Coffee as a commodity on the stock exchange
Coffee is the world's second most consumed beverage after water – and, in terms of value, the second most important commodity after crude oil. Among the most important trading venues are the New York Board of Trade (NYBOT) and the London International Financial Futures Exchange (LIFFE).
Fluctuating prices
Despite numerous efforts by various stakeholders, the price of coffee is subject to strong fluctuations, which are mainly influenced by natural factors.
Due to the labor-intensive cultivation process, it is difficult to respond to peak demand – several years pass between planting and the first harvest. Consequently, prices rise if supply cannot keep pace.
One indicator of this interplay between supply and demand is the four exchanges where coffee is currently traded. The Robusta exchange on London's Euronext and the Arabica exchange on the New York Trade Board are particularly important. Here, not only are traditional exchange transactions conducted, but also futures contracts for large quantities of coffee beans, where traders speculate on future price movements.
For many smaller buyers – especially roasters – these exchanges, where only standard-quality coffees are traded, serve more as a price barometer. This is because the diversity of coffees is enormous: quality, origin, growing conditions, environmental factors, transport costs, and currency fluctuations all further influence the price.

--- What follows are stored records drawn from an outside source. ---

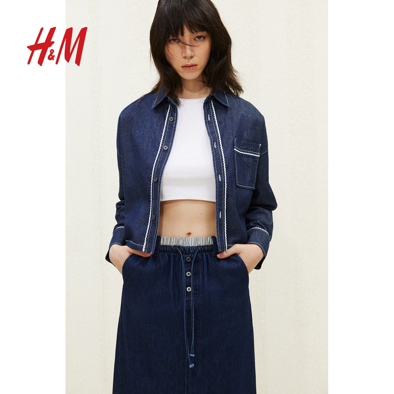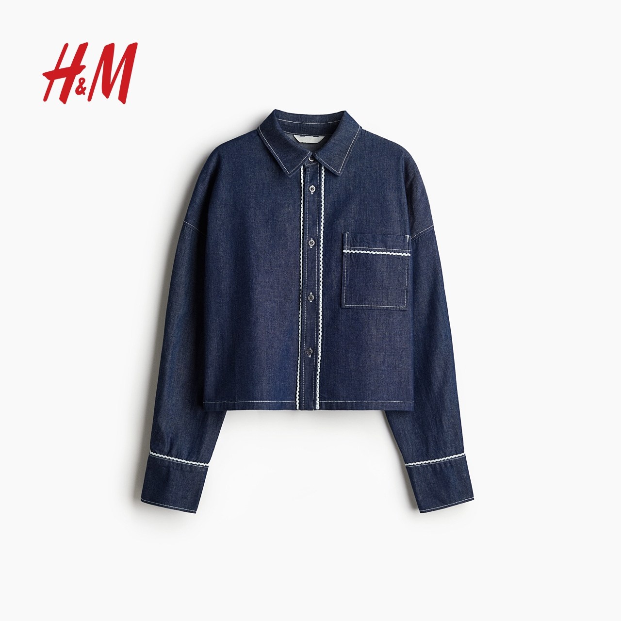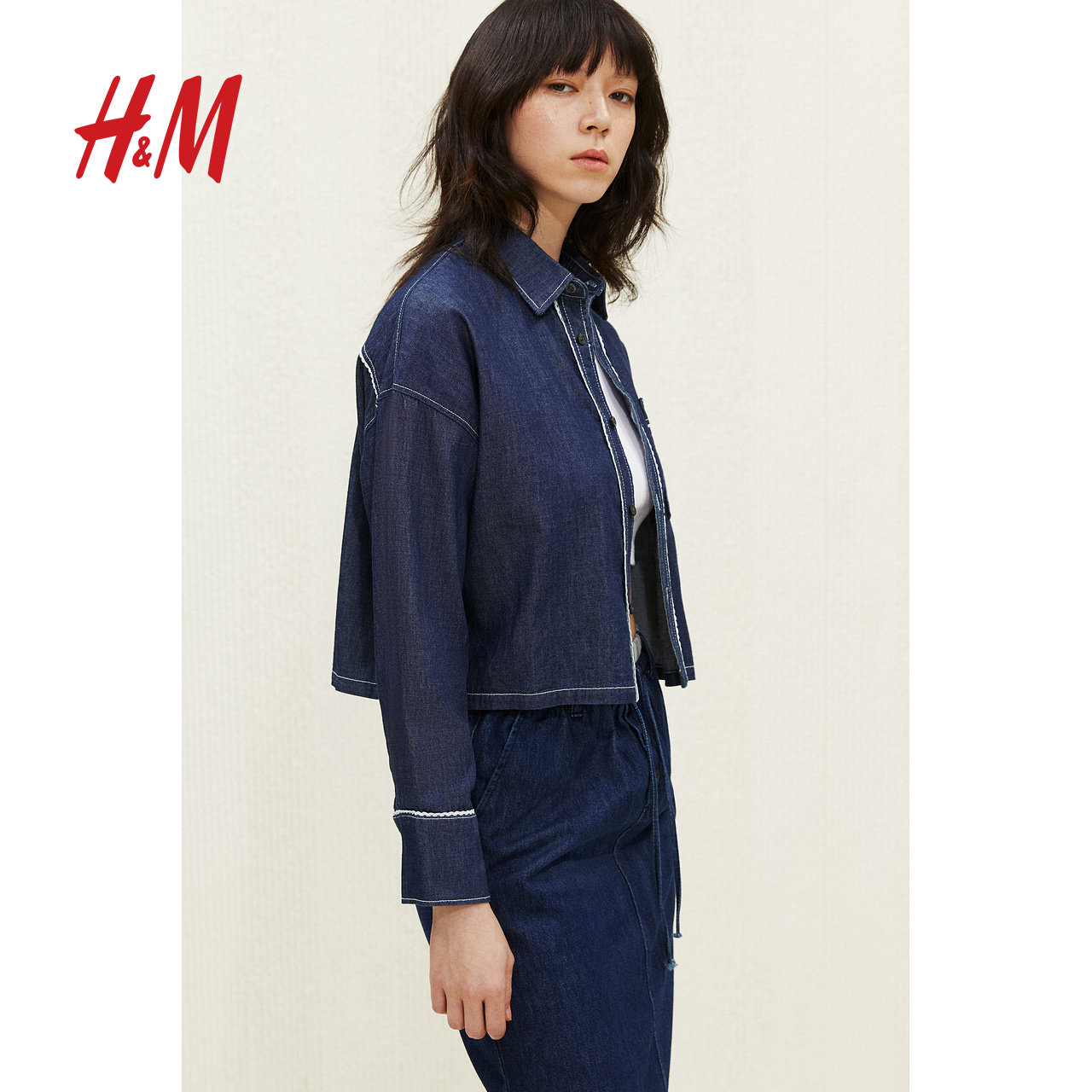 HM女装衬衫2025冬季新款miu系学院风斜纹布翻领长袖上衣1277420
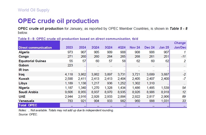La Organización de Países Exportadores de Petróleo (OPEP) informó que, en el mes de enero de 2025, Venezuela produjo un millón 31 mil barriles de petróleo diarios (bpd), según la data ofrecida por el Gobierno venezolano.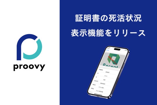 DID/VC技術を専門に扱うベンチャー企業、株式会社Recept(本社:東京都渋谷区、代表取締役社長:中瀬 将健)は提供アプリ「proovy」にてデジタル証明書の死活状況がアプリ表示上で確認できる機能を提供開始いたしました。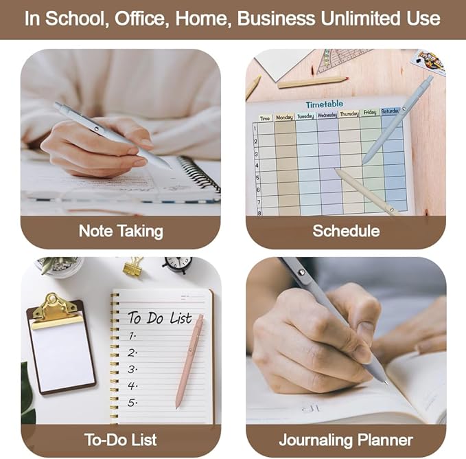 - Fashion & Practical Design : You will receive a set of 5 Morandi gel pens with a modern minimalist design. They are suitable for daily use and replacement. These retractable pens are perfect for aesthetic school supplies, office supplies, journaling, note-taking, and planning.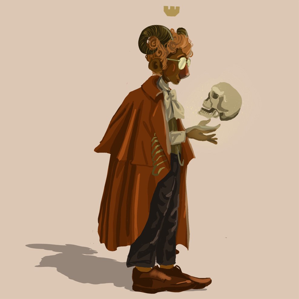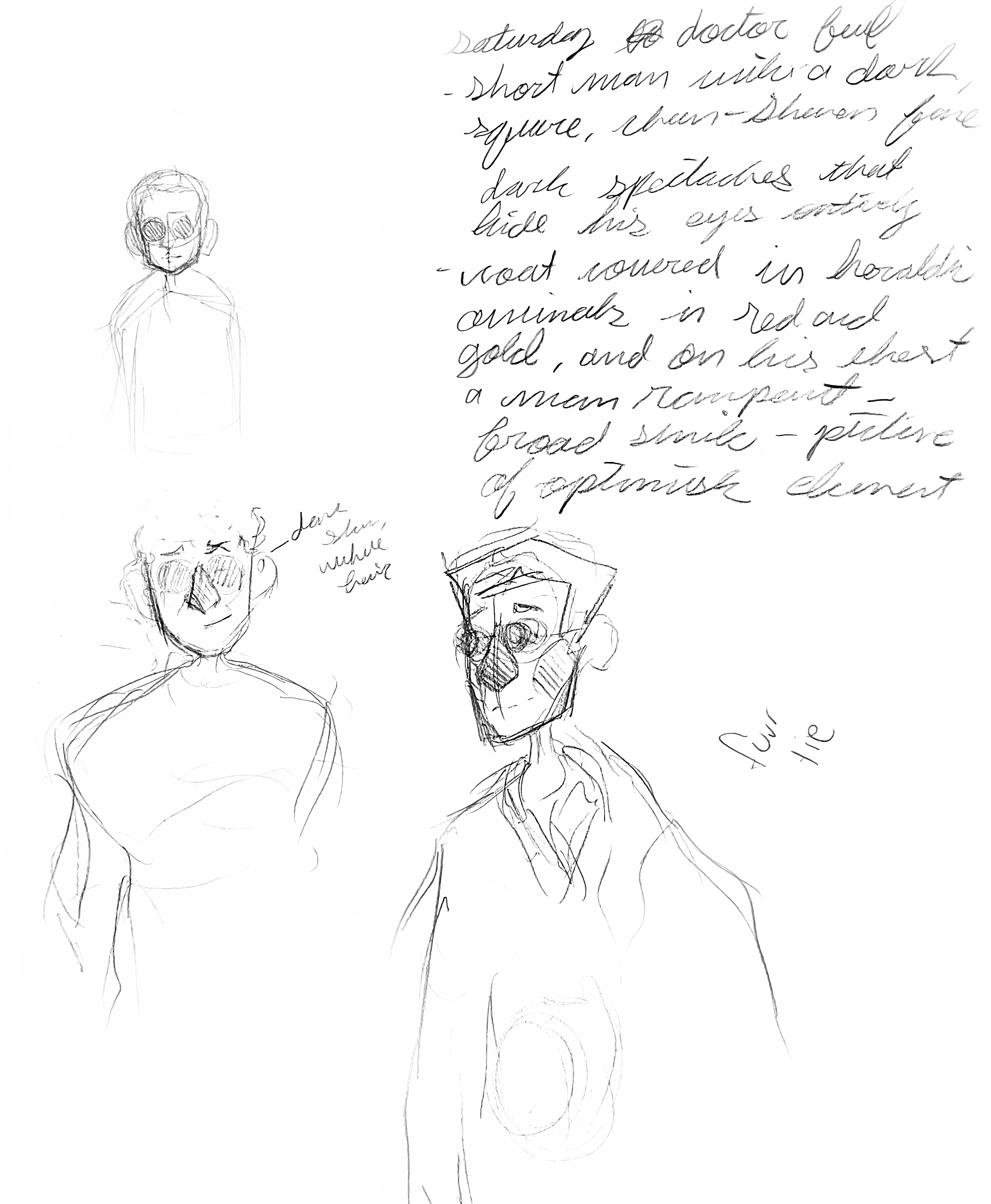 Dr. Bull’s coat, now, has details of a ribcage, representing death, while holding a skill. His glasses obscure his face as if to hide from the shame that sin brings.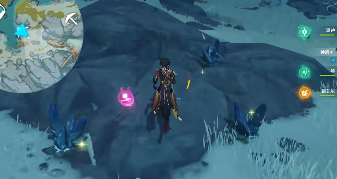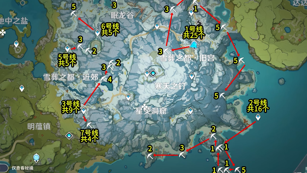 雪山最西侧的山路入口有高产量矿点,传送到眠龙谷对面锚点后往雪葬之都方向走,深赤之石后面能挖到5块以上。右下角海湾区域的矿点虽然路程稍远,但沿着海滩往上走能一次性拿到8块,是单次收获最多的位置。左下角半山腰的矿点比较分散,全收集能拿6块,建议搭配凝光天赋显示矿石位置。
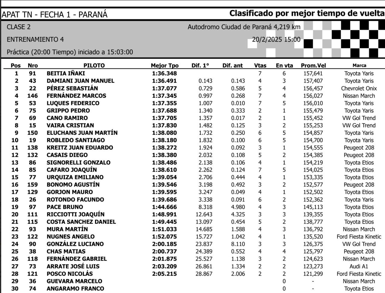 Se viene la Fecha 1 del Campeonato Argentino de Turismo Nacional, que con sus dos clases, se presentará el 21.22 y 23 de febrero en el Autódromo 'Ciudad de Paraná' -4.219 mts.- y ha tenido Pruebas Comunitarias en el día de ayer y hoy.

Those who place particular emphasis on quality often buy directly from producers or intermediaries in order to agree on fair and transparent prices.
Control and regulation
To avoid artificially induced price fluctuations, trade agreements, regulatory bodies, and stock exchange institutions were created. Today, the International Coffee Organization (ICO) the leading authority in this field. It monitors compliance with strict hygiene and environmental standards and mediates between the 77 countries that currently import and export coffee.